Το work with title Surface soil moisture retrievals over partially vegetated areas from the synergy of Sentinel-1 and Landsat 8 data using a modified water-cloud model by Bao Yansong, Lin Libin, Wu Shanyu, Kwal Deng Khidir Abdalla, Petropoulos Georgios is licensed under Creative Commons Attribution 4.0 International
Bibliographic Citation
Y. Bao, L. Lin, S. Wu, K. A. Kwal Deng and G. P. Petropoulos, "Surface soil moisture retrievals over partially vegetated areas from the synergy of Sentinel-1 and Landsat 8 data using a modified water-cloud model," Int. J. Appl. Earth Obs. Geoinf., vol. 72, pp. 76-85, Oct. 2018. doi: 10.1016/j.jag.2018.05.026
https://doi.org/10.1016/j.jag.2018.05.026
In this study, is presented a new methodology for retrieving surface soil moisture (SSM) under conditions of partial vegetation cover based on the synergy between Sentinel-1 Synthetic Aperture Radar (SAR) and Landsat Operational Land Image (OLI) data. To remove the effect of vegetation on SSM retrieval, the Landsat OLI spectral index is applied to build a model for the vegetation water content estimation. The model is substituted into the original water-cloud model, and thus a modified water-cloud model with a spectral index is built. Additionally, an SSM estimation model is developed based on the modified water-cloud model. The technique was tested at two experimental sites in the UK and Spain on which reference data of SSM are acquired operationally by ground observational networks.
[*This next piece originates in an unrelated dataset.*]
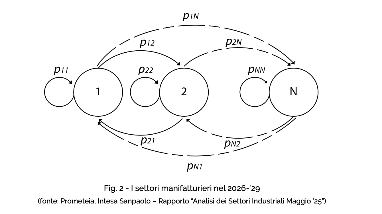 dall’omonimo matematico russo, è utilizzato in numerose applicazioni, per rappresentare un processo stocastico costituito da una se- quenza di variabili casuali, che rappresenta- no l’evoluzione di un sistema (nel nostro caso l’avanzamento quali/quantitatativo della idea progettuale innovativa, portata avanti da un’azienda del settore conciario e della Pelle). Gli eventi sono “concatenati” o “collegati” in serie tra loro attraverso transizioni di tipo “memoryless” (in forza delle quali la storia che ha portato a raggiungere lo stato (i-1), precedente quello “attuale” – che definiamo “i-esimo”-, non conta; ai fini della determinazione di un qualsiasi stato i-esimo del sistema, occorre quindi conoscerne esclusiva- mente lo stato che precede l’ultima transizione, tralasciando l’intera storia effettivamente verificatasi). Obiettivo analitico della metodologia delle catene di Markov, applicata ad un sistema di stati con transizioni tra di essi, consiste nel fornire la probabilità di trovarsi in un particolare stato (l’avanzamento dell’idea progettuale dell’azienda di settore) in un particolare istante (nel periodo di tempo disponibile per lo sviluppo progettuale dell’innovazione aziendale).

In overall, the key findings of our study were: (1) For a vegetation-covered surface, the normalized difference water index (NDWI) obtained from the 1.57–1.65 μm band reflectance data was the most suitable for removing the effects of vegetation cover on soil water content estimation; (2) Compared to the Sentinel-1 VH polarization, the backscattering coefficient at VV polarization was more suitable for soil moisture retrieval and obtained a higher accuracy; (3) The developed model could be used to retrieve SSM under vegetation cover with a high accuracy that indicates the correlation coefficient (R) between the estimated and measured soil moisture was 0.911 and that the root mean square error (RMSE) was 0.053 cm3/cm3; (4) The model can be used to retrieve regional SSM with a high spatial and temporal resolution. Our methodology for deriving SSM offers a number of advantages for many practical applications and research alike and its use by the wider community remains to be seen.